Retype, word for word, every line from the one holding "更多RTP Compounds POM" through the one holding "The Little Dutch" in the entries below, both included, and only those lines.

Data provided:

┌──

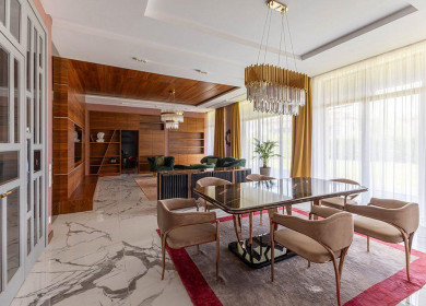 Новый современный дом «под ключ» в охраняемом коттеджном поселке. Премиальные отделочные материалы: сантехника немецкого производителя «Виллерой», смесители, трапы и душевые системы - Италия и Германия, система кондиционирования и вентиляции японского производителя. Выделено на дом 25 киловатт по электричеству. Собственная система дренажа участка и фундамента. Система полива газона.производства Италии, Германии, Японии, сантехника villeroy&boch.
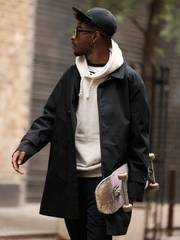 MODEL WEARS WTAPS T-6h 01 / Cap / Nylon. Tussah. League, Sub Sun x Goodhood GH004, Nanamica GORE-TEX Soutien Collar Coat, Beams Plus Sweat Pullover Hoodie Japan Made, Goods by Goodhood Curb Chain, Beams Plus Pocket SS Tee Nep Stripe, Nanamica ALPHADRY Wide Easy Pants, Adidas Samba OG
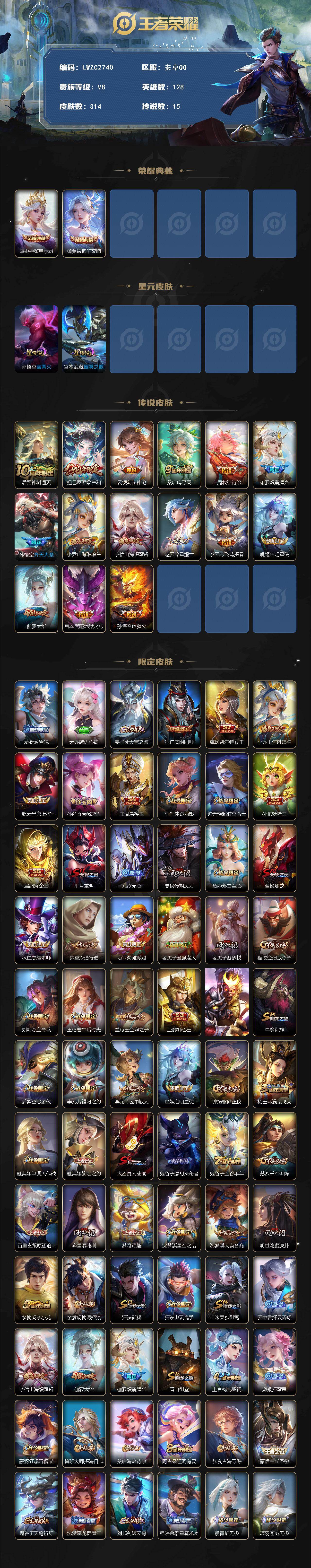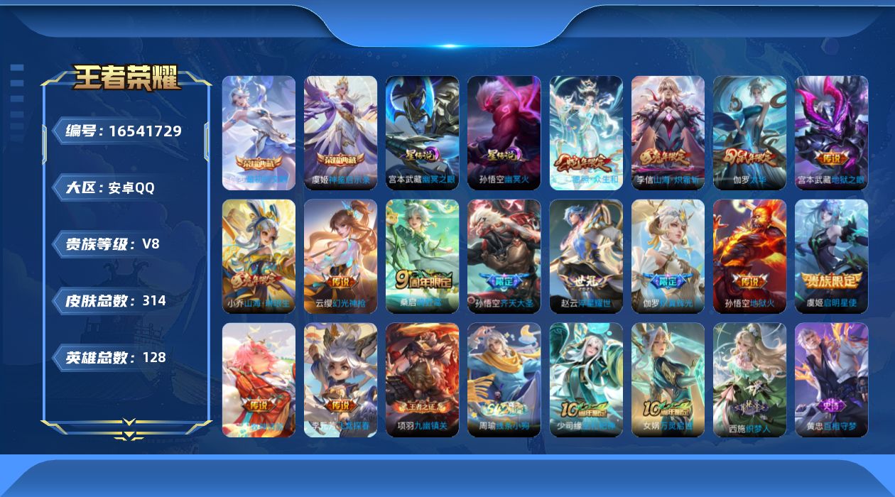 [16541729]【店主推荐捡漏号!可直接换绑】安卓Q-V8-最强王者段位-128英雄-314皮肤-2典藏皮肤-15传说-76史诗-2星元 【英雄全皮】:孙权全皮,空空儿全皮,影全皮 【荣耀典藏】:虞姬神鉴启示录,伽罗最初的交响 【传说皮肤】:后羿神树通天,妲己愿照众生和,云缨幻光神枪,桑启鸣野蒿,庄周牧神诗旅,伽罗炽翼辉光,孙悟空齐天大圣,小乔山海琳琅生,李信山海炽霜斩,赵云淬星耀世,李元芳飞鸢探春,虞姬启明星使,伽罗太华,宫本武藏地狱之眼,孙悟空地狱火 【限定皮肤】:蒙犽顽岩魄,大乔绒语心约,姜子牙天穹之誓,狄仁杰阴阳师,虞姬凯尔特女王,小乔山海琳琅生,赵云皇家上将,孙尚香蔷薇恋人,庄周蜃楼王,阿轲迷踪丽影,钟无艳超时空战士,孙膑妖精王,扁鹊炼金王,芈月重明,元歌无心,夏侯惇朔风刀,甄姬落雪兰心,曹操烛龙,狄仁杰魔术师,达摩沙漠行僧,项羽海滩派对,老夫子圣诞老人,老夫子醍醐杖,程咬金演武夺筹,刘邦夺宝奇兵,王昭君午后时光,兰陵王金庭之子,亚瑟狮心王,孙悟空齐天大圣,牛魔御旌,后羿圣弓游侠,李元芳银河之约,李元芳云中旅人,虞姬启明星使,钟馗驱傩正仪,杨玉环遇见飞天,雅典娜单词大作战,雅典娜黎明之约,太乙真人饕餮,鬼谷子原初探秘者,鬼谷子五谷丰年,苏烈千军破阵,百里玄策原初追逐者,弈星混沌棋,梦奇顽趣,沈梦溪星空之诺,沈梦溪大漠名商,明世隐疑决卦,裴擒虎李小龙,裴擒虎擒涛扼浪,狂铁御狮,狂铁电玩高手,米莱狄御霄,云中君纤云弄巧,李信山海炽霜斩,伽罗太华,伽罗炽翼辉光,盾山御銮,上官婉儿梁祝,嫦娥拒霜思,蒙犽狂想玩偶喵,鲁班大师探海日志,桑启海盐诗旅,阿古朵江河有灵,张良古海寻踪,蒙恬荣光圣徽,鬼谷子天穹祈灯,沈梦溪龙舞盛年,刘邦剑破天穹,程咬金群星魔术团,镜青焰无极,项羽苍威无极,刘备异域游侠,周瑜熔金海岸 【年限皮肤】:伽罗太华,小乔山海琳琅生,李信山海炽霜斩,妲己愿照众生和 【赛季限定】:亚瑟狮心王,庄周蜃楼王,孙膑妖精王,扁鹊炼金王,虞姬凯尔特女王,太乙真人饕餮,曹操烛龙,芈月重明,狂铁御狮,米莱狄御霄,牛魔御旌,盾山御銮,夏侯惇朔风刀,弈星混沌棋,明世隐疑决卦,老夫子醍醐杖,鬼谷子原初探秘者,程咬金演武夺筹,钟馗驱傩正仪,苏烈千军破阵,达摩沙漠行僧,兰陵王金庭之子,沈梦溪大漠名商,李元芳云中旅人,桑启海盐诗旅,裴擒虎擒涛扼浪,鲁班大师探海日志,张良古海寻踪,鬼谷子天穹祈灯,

└──
┌──

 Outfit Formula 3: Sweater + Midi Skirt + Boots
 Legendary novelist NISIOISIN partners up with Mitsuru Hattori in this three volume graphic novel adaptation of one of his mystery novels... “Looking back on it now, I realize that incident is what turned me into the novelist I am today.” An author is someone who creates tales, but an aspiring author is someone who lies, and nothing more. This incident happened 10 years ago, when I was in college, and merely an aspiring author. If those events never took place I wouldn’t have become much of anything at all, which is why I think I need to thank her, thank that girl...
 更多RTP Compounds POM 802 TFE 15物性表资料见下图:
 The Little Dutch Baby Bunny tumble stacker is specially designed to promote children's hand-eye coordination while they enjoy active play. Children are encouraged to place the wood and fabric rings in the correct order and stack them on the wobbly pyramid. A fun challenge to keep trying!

└──

Exercise solution:
 更多RTP Compounds POM 802 TFE 15物性表资料见下图:
 The Little Dutch Baby Bunny tumble stacker is specially designed to promote children's hand-eye coordination while they enjoy active play. Children are encouraged to place the wood and fabric rings in the correct order and stack them on the wobbly pyramid. A fun challenge to keep trying!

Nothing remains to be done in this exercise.